Стасюлевич, конечно, не видел свечи в руках Соловьева, друзья-идеалисты, которые все были, по меньшей мере, профессора и все говорили Владимиру Сергеевичу "ты", свечи не видели тоже. Они превратили учение Соловьева просто-напросто в философский идеализм, и даже не в неокантианском смысле этого слова, а просто для них философия Соловьева была удобным средством для борьбы с позитивизмом, с которым Вл. Соловьев если и боролся, то разве в ранней молодости; потом он признал и по-своему осветил контовский позитивизм.
Вот почему чувствовал себя Соловьев одиноким, хотя из одних друзей его и состояло Психологическое общество. И из-за зеленого стола, где раздавались такие важные, такие любезные, казалось бы, для него речи, убегал Соловьев к холодным струям многошумной Иматры или к белым колокольчикам Пустыньки {Имение, принадлежащее прежде гр. Толстым, где гостил Соловьев.}, а то и прямо к "подозрительным личностям": пьянствующим пророкам, юродивым неудачникам, к знакомым нищим или, пожалуй, ко всем без разбора извозчикам, раздавая свои деньги. После кончины философа странные обнаружились его связи со многими "отверженными". Но страннее, что именно к ним-то, пожалуй, и повертывался Соловьев своим настоящим ликом.
Многие увидят в моих словах фантазию, скажут, что про покойного можно писать теперь все что заблагорассудится. Но пусть это же скажут и близкие к Соловьеву лица, знавшие традиции его интимной жизни. Мне приходилось встречаться с Соловьевым и в профессорском кругу. Мне приходилось слышать о нем от его "почтенных" друзей. Но я видел его черновые бумаги, при мне читались его интимные письма. Но я знал о нем из наиболее верного источника: от брата покойного мыслителя, М. С. Соловьева, с которым он был особенно дружен и в семье которого я был принят как родной. В уютной гостиной у Соловьевых проводил я все свободное время, будучи гимназистом, а потом и студентом. Здесь вели мы нескончаемые беседы, и многое в этих беседах касалось прямо или косвенно покойного философа. М. С. Соловьев был замечательным человеком; он умел соединять спокойную уравновешенность, эрудицию с той безграничной свободой, которая не заслоняла от него ничего искреннего, какие бы формы эта искренность ни носила. Он был авторитетом и для своего брата, и для "маститых" друзей Владимира Сергеевича, и для молодой кучки искателей, которых в то время обливали презрением "маститости от схоластики". Вокруг Соловьевых группировались все смелые и искренние, идущие своим путем.

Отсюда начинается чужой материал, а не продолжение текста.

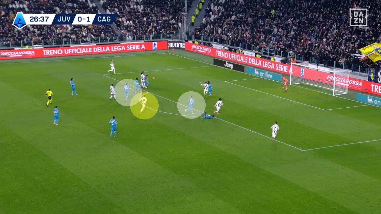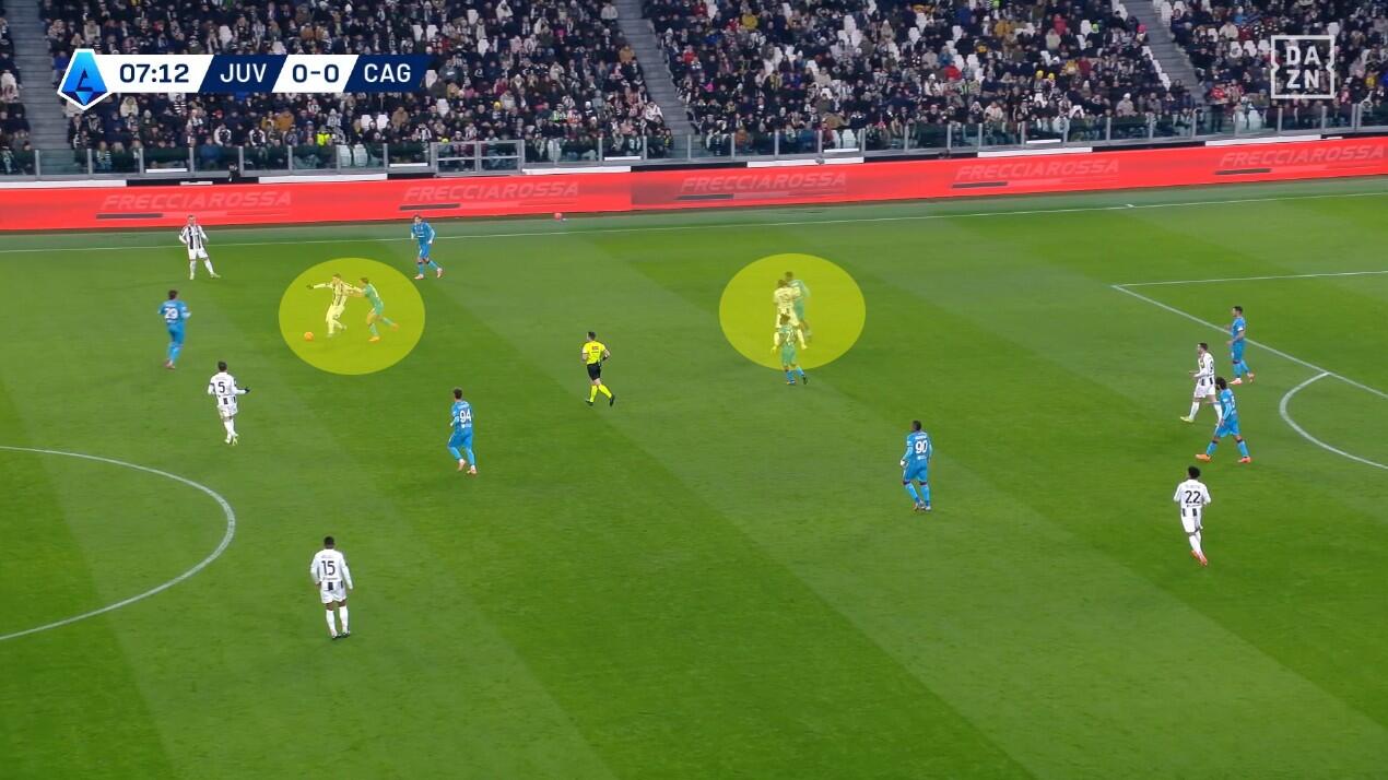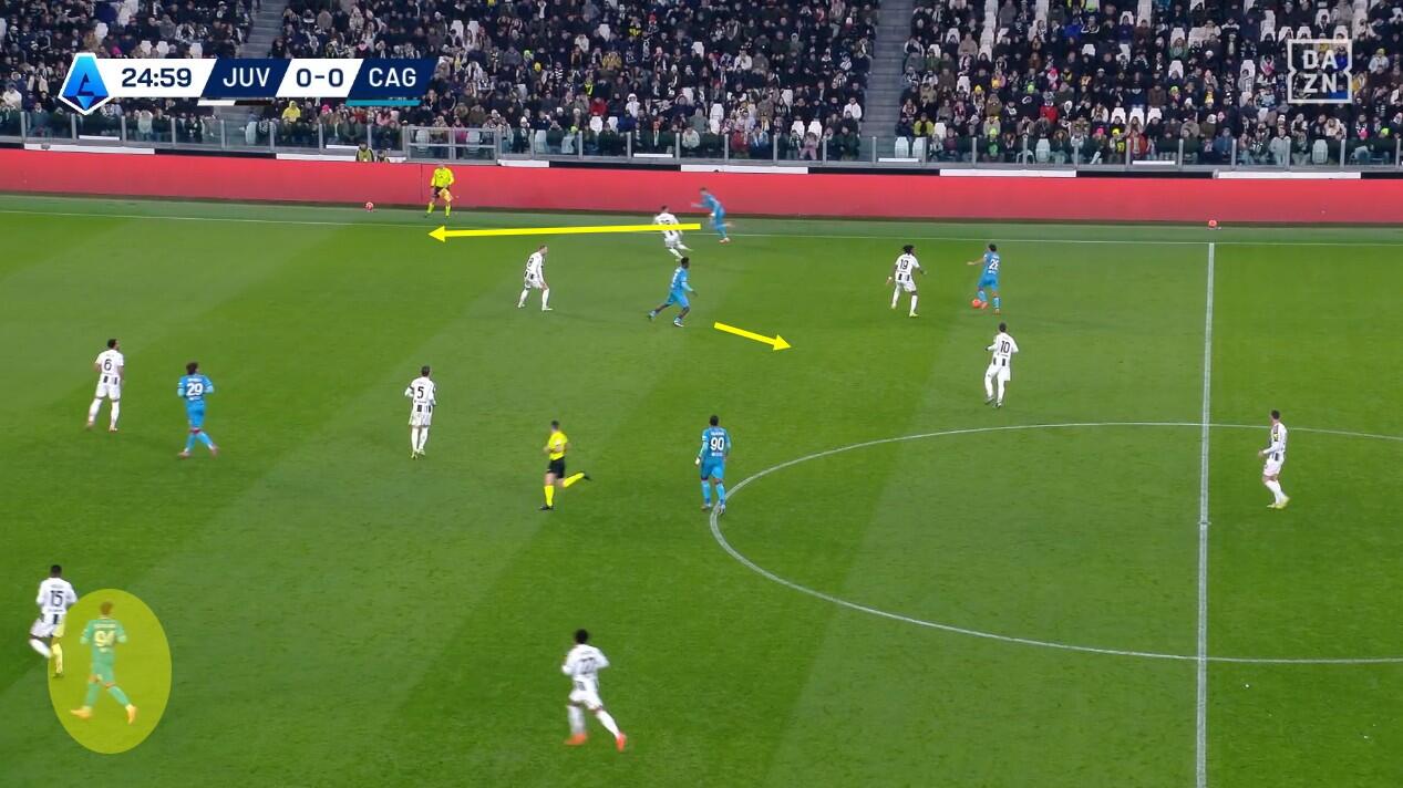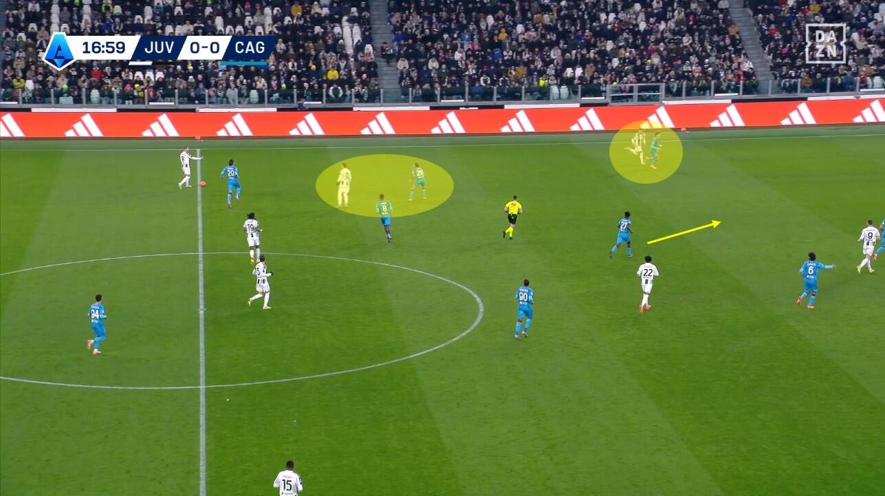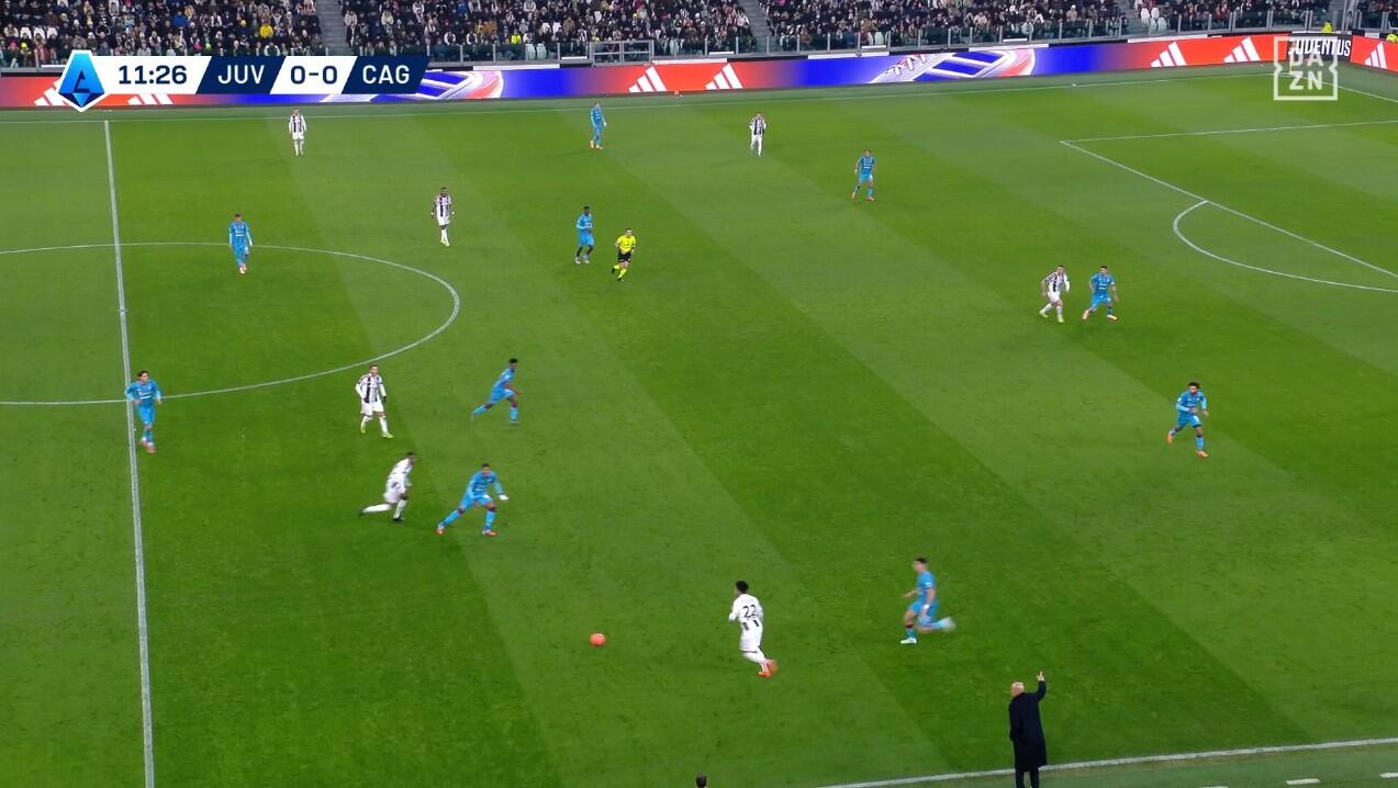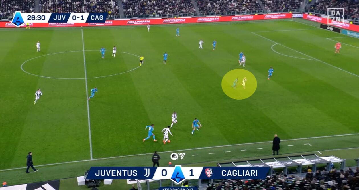 Non appena Kalulu riceve palla e parte in conduzione verso la trequarti, sono ben quattro i giocatori del Cagliari intorno a lui. Due a inseguire (Esposito e Folorunsho) e due a coprire la mediana (Adopo e Obert), con Thuram che ha spazio alla sinistra di Kalulu per attaccare il mezzo spazio. In questo contesto, giustamente, Zappa è pronto a rompere la linea per restare su Yildiz come fatto fino a quel momento della gara.

М. С. Соловьев любил в брате своем вовсе не автора восьми томов, а нового человека, услышавшего призыв и в бархатной ласке зари, и в тихом плеске белых колокольчиков: "Сколько их расцветало недавно!" (Вл. Соловьев). Вот почему я не мог не научиться любить в Соловьеве не мыслителя только, но и дерзновенного новатора жизни, укрывшего свой новый лик под забралом ничего не говорящей метафизики. И не мог я не смотреть на Вл. Соловьева с глубокой любовью, когда встречал его в обществе брата за небольшим уютным столом, под мягким абажуром. И что-то неуловимо мягкое, грустное и близкое зацветало в сердце -- цветок за цветком. "Сколько их расцветало недавно" -- так еще недавно, всего семь-восемь лет тому назад! А вот прошло семь лет, и лампады тихо мигают над тремя незабвенными могилами, и личность Вл. Соловьева уже отходит куда-то вдаль, становясь легендарной. И только грустные березы вздохнут, вздохнут плеском весенних листьев, облетят осенью, а потом метель взовьет над тихим кладбищем дикие вихри свои.
Больной, худой приходил Соловьев к брату точно из неведомых стран. Худой, маленький, с высоко поднятыми космами, сидел он с братом за шашками, врываясь в наш разговор то гремящей своей шуткой, то вырывающим из-под ног почву замечанием. Но больше всего хохотал он шуткам маленького своего племянника (теперь талантливого поэта), дико ржал и стучал по полу ногами. Бывало, придешь к Соловьевым: в передней большая меховая, как у священника, шуба. Подумаешь: "Ах, значит, приехал Владимир Сергеевич". Войдешь -- протянет длинную слабую свою руку, не смотря в глаза, скажет: "А ваш тезка Б. Н. Чичерин?" {Я привык, что с детства все напоминали мне об этом.}.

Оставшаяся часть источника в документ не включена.